Кэт удивленно посмотрела на экстремала.
— Эй, я ничего не скрепляла, — возмутилась гасительница окурков.
В ту ночь они просидели в клубе до самого закрытия, а под утро она запросилась домой.
Спустя неделю Кэт отправили в заманчивую командировку на Кипр, для приобретения недвижимости в Лимасоле. Не было никакой необходимости отправлять туда именно Кэт, но Артем, очевидно, хотел таким способом загладить перед ней свою вину за тот разрыв и дать ей возможность развеяться в теплых краях. Кэт с радостью согласилась. Игорь не находил себе места. Он чувствовал какой-то подвох, ревность не давала ему покоя, сводила с ума.

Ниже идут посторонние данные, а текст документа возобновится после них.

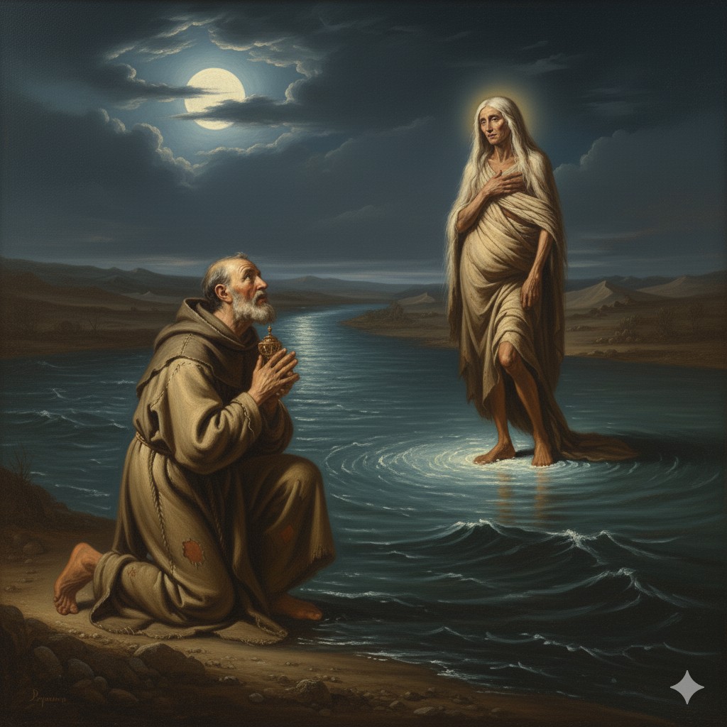 Un día, se encontró con el monje Zósimo y le pidió que regresara al año siguiente con los Sacramentos. Cuando Zósimo volvió con la Eucaristía a la orilla del Jordán, vio a María en la orilla opuesta. El milagro ocurrió cuando ella hizo el signo de la cruz sobre el agua y caminó sobre el río “como si fuera tierra firme” para recibir la comunión.
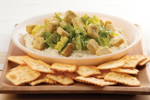 Looking for a summertime dip that might be sort of healthy, but is certainly yummy? I’m a huge fan of Caesar salads so this dip was a must for my recipe files. Plus…easy peasy to fix! From Kraft Recipes:

— Ни с кем никаких делов, ни с местными, ни с командировочными, — пригрозил он Кэт.
— Ну что ты, Игорек, какие дела? — улыбалась она.
Игорь подозрительно и сурово поглядел на нее.
— Тебе бы следовало на меня сшить пояс верности, — пошутила она.
Прошел месяц с того дня, как он сводил ее в ночной клуб за вычетом десяти дней ее загранкомандировки, а Игорь не продвинулся ни на йоту в своих отношениях с Кэт, в своей ожидаемой телесной близости с девушкой. На все его попытки и ухищрения заночевать у него она отвечала отказом, ссылаясь то на недомогание, то на простуду. “Это не смешно”, — жаловался Игорь. “Это не современно”, — злился он. “Потерпи, Игорек, как-нибудь…” — уклончиво заверяла она. Он ждал и верил, что это событие свершится теперь уже очень скоро, в ее день рождения, расходы по которому он щедро намеревался взять на себя. “Моя победа достанется мне мягко, трепетно, без потрясений, — думал он. — А может, наоборот, с потрясением?” От этих сладостных мыслей у него волновалась кровь, пробегала нервная, но приятная дрожь по телу.
4
— Эх, надо было пригласить на пикник наших архитекторов, — сказала Кэт, задорно блеснув глазами, — а то они, бедные, там совсем запарились. Все в лесу да в лесу.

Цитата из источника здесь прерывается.